Your answer must match the records word for word and contain no pictures.

Dataset records:
= = = = = = =
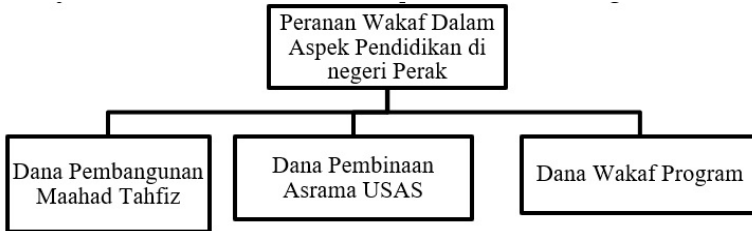
Rajah 1: Peranan Wakaf dalam Aspek Pendidikan di negeri Perak
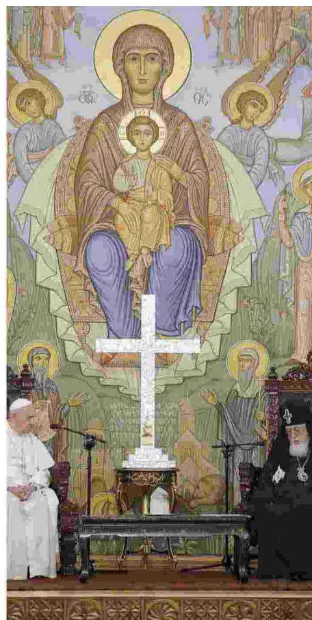
Francesco con il patriarca della Chiesa ortodossa di Georgia, Ilia II

Intervista a Francesco alla vigilia della chiusura del Giubileo: «Mi sono semplicemente lasciato portare dallo Spirito Santo. Non avevo piani. È stato un processo maturato nel tempo»
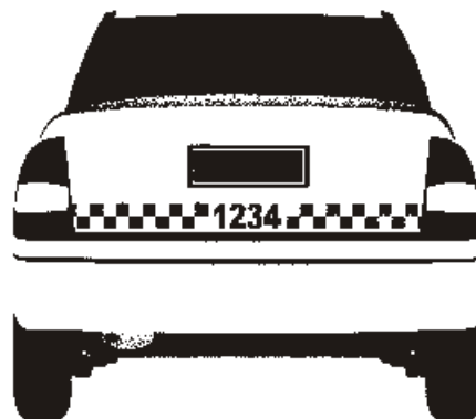
Figura 02.b: 2.ª opção
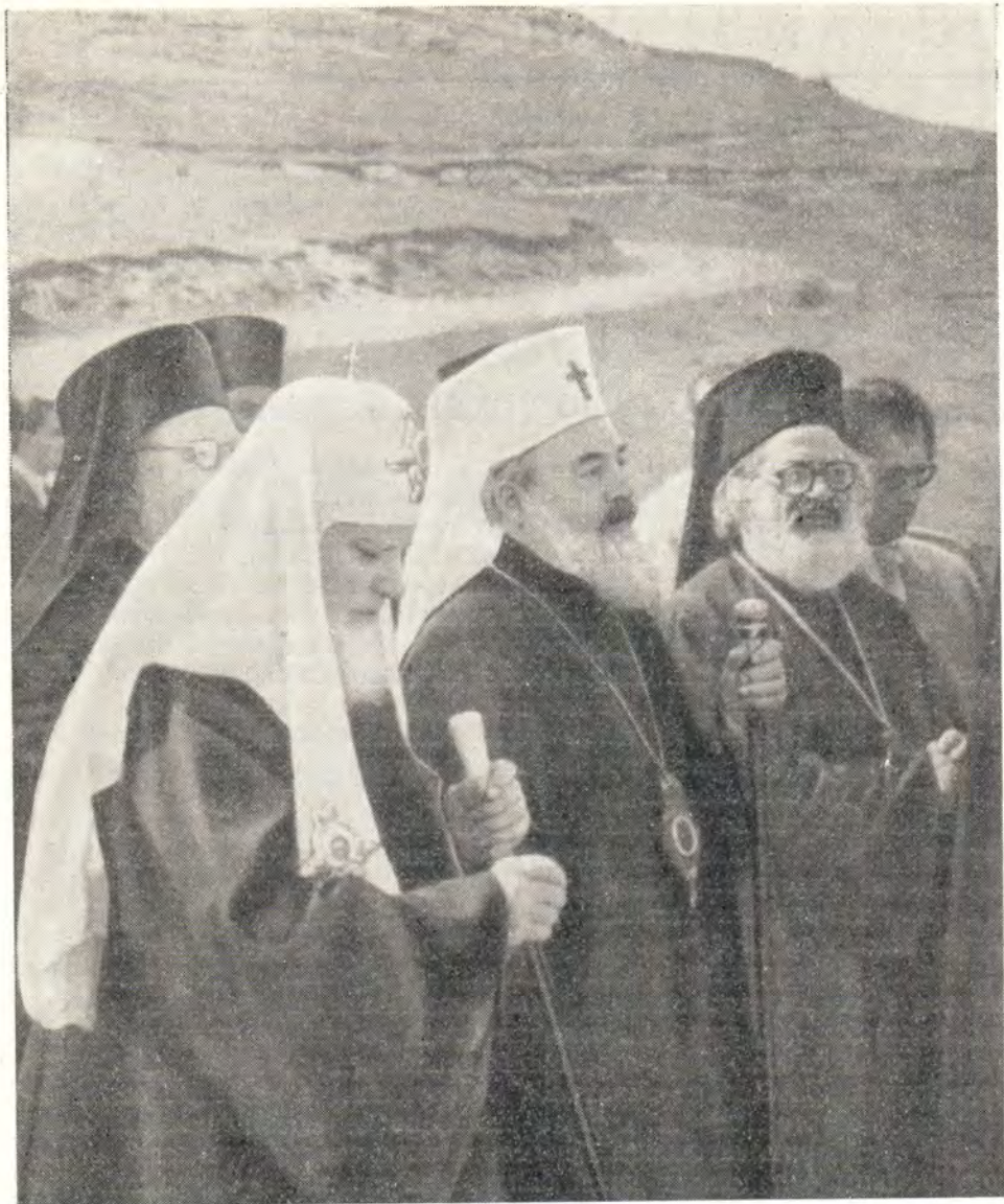
Святейший Патриарх Алексий и Святейший Патриарх Кирилл на Шипке перед могилой русских воинов, павших за освобождение Балкан. Май 1957 года

ботителями и Болгария на глазах всего мира была возведена на голгофу кровавого распятия, ее предсмертные стоны нашли отклик в русских сердцах. Вся русская общественность, весь русский народ поднялись на защиту человеческих прав и свободы болгарского народа, и после того, как были исчерпаны все мирные средства облегчения его участи, Россия объявила войну Турции и освободила Болгарию от пятивекового оттоманского владычества. Много русских воинов пало на поле чести. Немало и болгарских добровольцев с готовностью отдали свою жизнь за вожделенную свободу любимой отчизны. Велик их подвиг, величава их жертва! Как говорится в конце Послания, «достойно вознаградить их может только один Бог и за проявленную ими на земле жертвенную любовь воздать им небесной любовью. Нам же не остается ничего иного, как низко склониться перед их бессмертным подвигом».
= = = = = = =
### Response area
Rajah 1: Peranan Wakaf dalam Aspek Pendidikan di negeri Perak
Francesco con il patriarca della Chiesa ortodossa di Georgia, Ilia II

Intervista a Francesco alla vigilia della chiusura del Giubileo: «Mi sono semplicemente lasciato portare dallo Spirito Santo. Non avevo piani. È stato un processo maturato nel tempo»
Figura 02.b: 2.ª opção
Святейший Патриарх Алексий и Святейший Патриарх Кирилл на Шипке перед могилой русских воинов, павших за освобождение Балкан. Май 1957 года

ботителями и Болгария на глазах всего мира была возведена на голгофу кровавого распятия, ее предсмертные стоны нашли отклик в русских сердцах. Вся русская общественность, весь русский народ поднялись на защиту человеческих прав и свободы болгарского народа, и после того, как были исчерпаны все мирные средства облегчения его участи, Россия объявила войну Турции и освободила Болгарию от пятивекового оттоманского владычества. Много русских воинов пало на поле чести. Немало и болгарских добровольцев с готовностью отдали свою жизнь за вожделенную свободу любимой отчизны. Велик их подвиг, величава их жертва! Как говорится в конце Послания, «достойно вознаградить их может только один Бог и за проявленную ими на земле жертвенную любовь воздать им небесной любовью. Нам же не остается ничего иного, как низко склониться перед их бессмертным подвигом».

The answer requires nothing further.